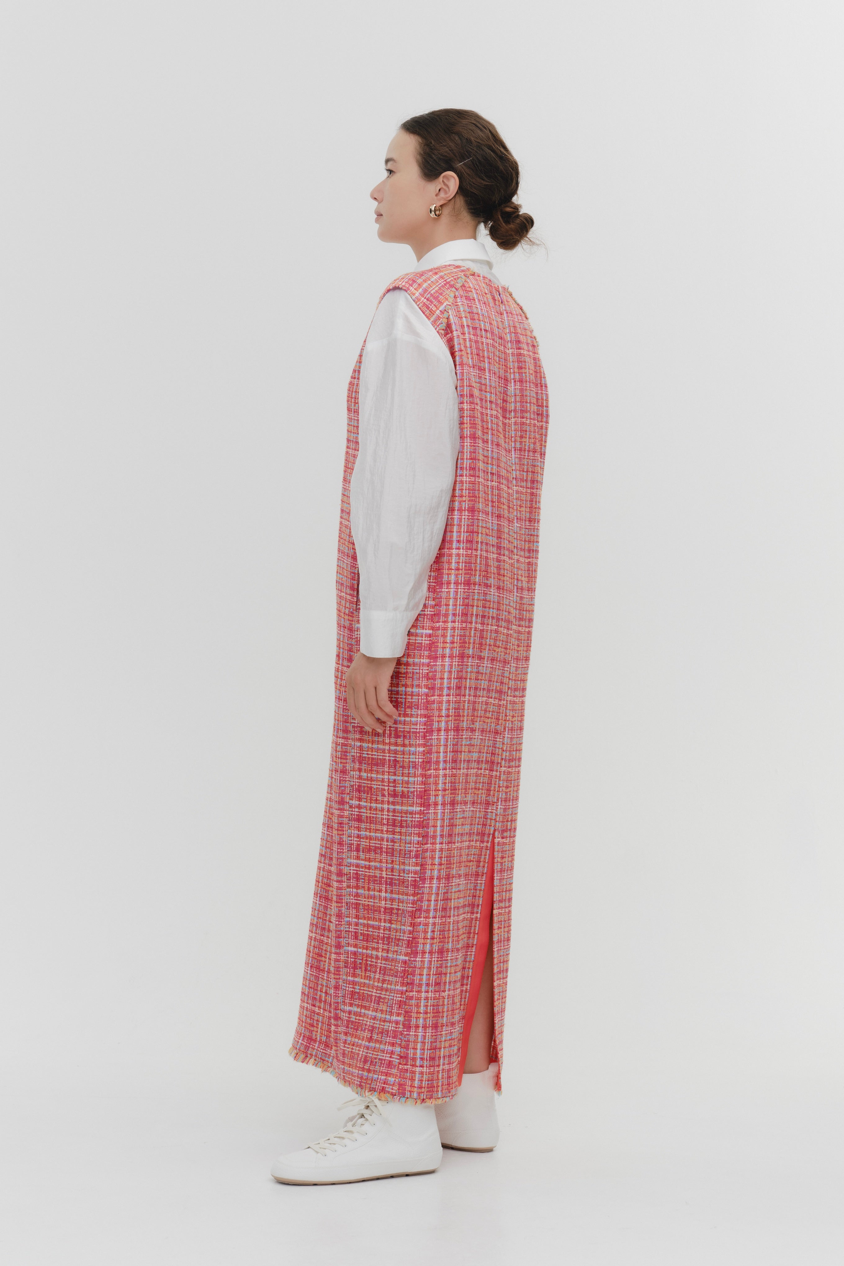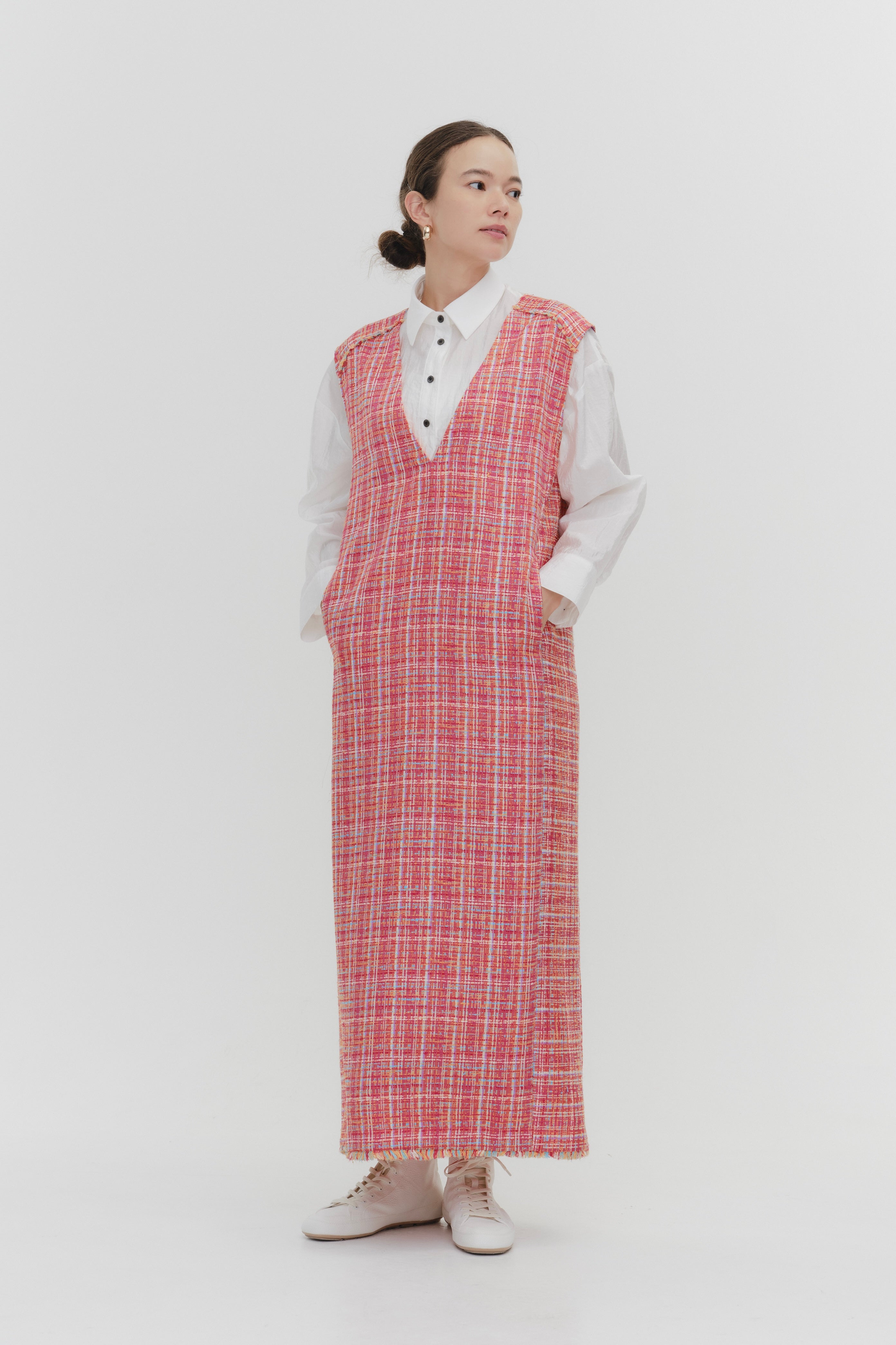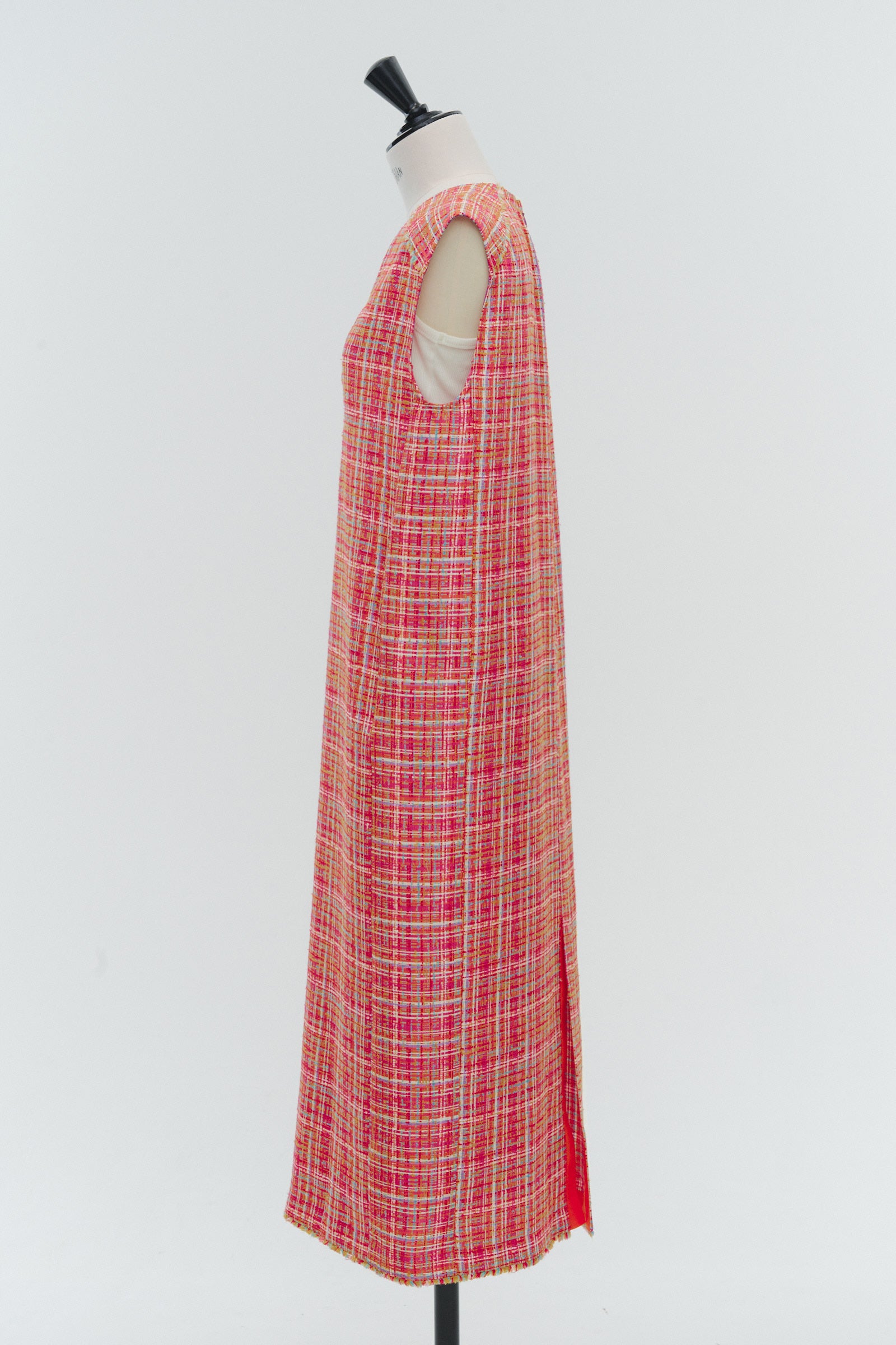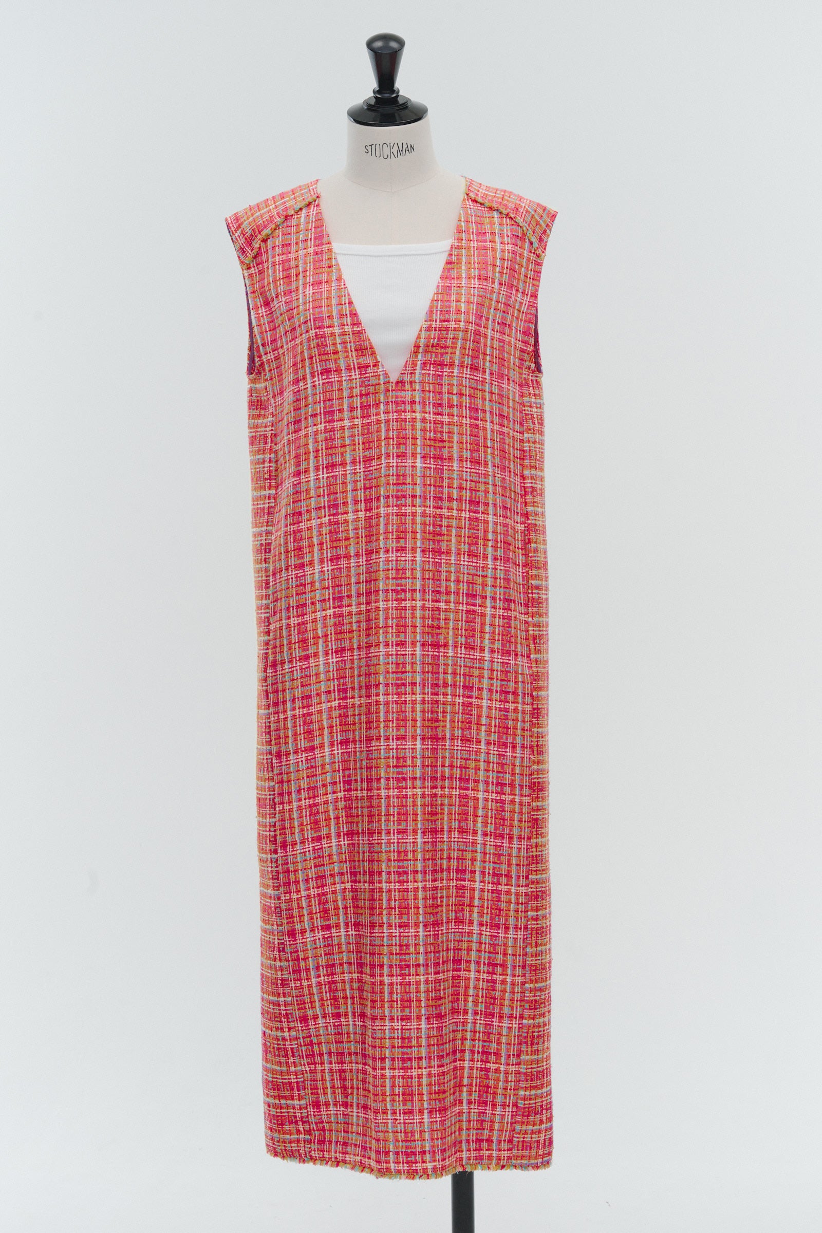 This piece is crafted from a tweed material featuring a vibrant combination of colors that exudes a luxurious and elegant atmosphere. The fabric is an original material by <yori>, made in Japan. With a longer length that reaches below the knees and a clean V-neckline, this dress creates a sleek and sophisticated impression. The fringe details placed throughout and the flattering I-line silhouette add a touch of glamour and femininity. The slit grosgrain and the interior binding are accented with eye-catching colors, delivering the lively and cheerful color combinations characteristic of yori.
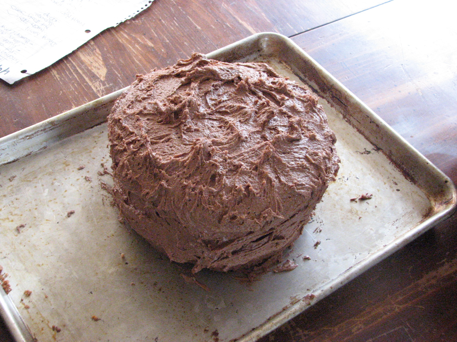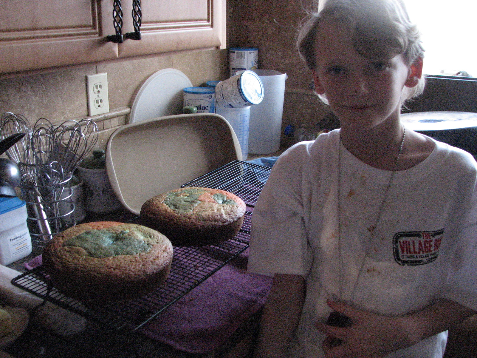 he worked hard on this. Letting it cool was hard for him because he wanted to frost it so fast afterward. He made chocolate frosting and it was a white and chocolate cake. I must say for his first time making a cake it tasted yummy.
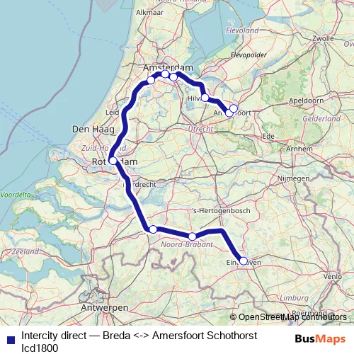 The first stop of the Intercity direct rail route is Breda and the last stop is Amersfoort Schothorst. Intercity direct (Breda <-> Amersfoort Schothorst Icd1800) is operational during everyday.
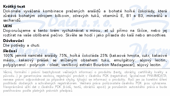 Dokonale vyvážená kombinace pražených arašídů a bohaté hořké čokolády, která zůstává bohatým zdrojem bílkovin, zdravých tuků, vitamínů E, B1 a B3, minerálů a sacharidů.
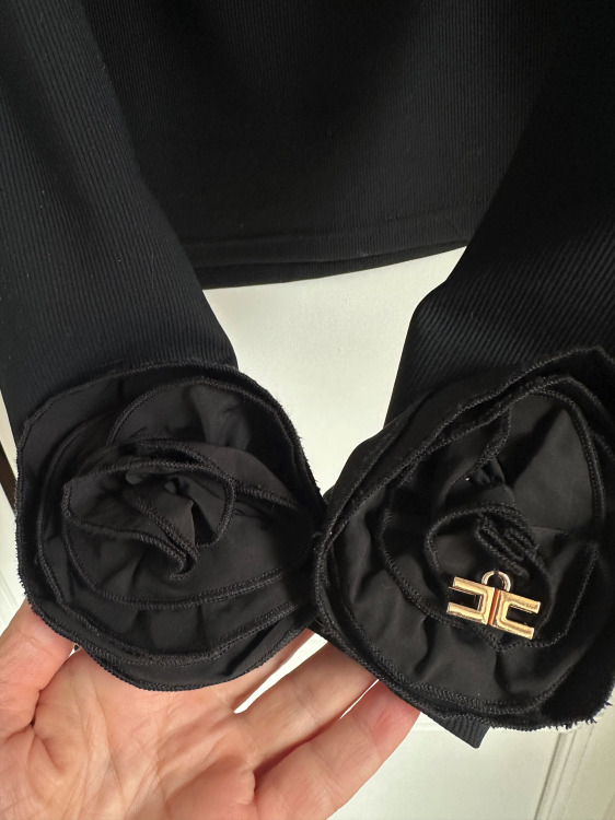 Rękawy wykończone przyszytymi różami z tkaniny tafta + złota elizabetka
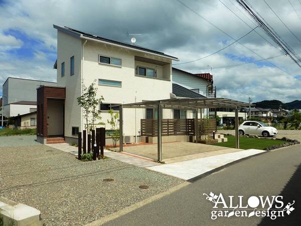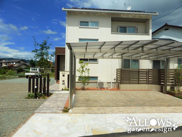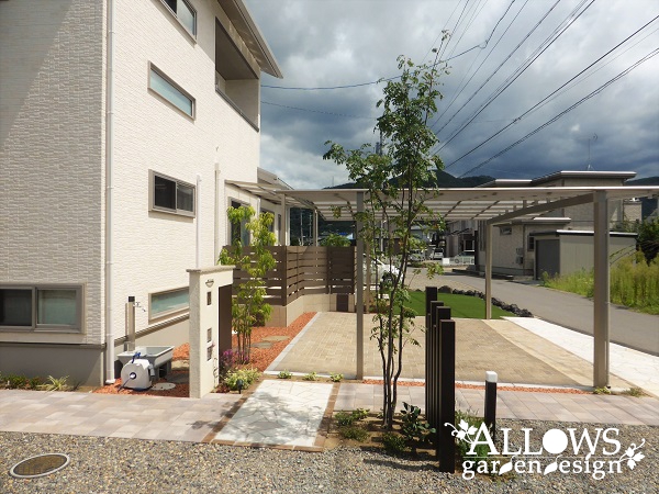 オープン外構・庭・ガーデンの施工例・門・車庫まわりの施工例
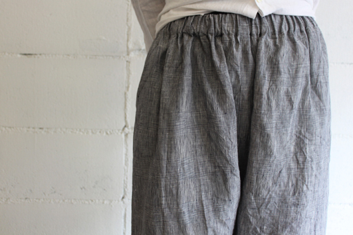 リネンワイドサルエルパンツ style+confort/スティールエコンフォール col:ネイビーグレンチェック 15,540円(税込) サラっとしたシャリ感のあるリネン素材。
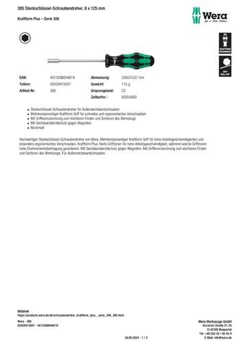 Schraubendreher 395 Außen-6-kant SW8mm K

▶ **The problem**: Exactly the lines from the line with "Dokonale vyvážená kombinace" through the end of the data are to be reproduced, and no picture is to be included.

▶ **Finished exercise**:
 Dokonale vyvážená kombinace pražených arašídů a bohaté hořké čokolády, která zůstává bohatým zdrojem bílkovin, zdravých tuků, vitamínů E, B1 a B3, minerálů a sacharidů.
 Rękawy wykończone przyszytymi różami z tkaniny tafta + złota elizabetka
 オープン外構・庭・ガーデンの施工例・門・車庫まわりの施工例
 リネンワイドサルエルパンツ style+confort/スティールエコンフォール col:ネイビーグレンチェック 15,540円(税込) サラっとしたシャリ感のあるリネン素材。
 Schraubendreher 395 Außen-6-kant SW8mm K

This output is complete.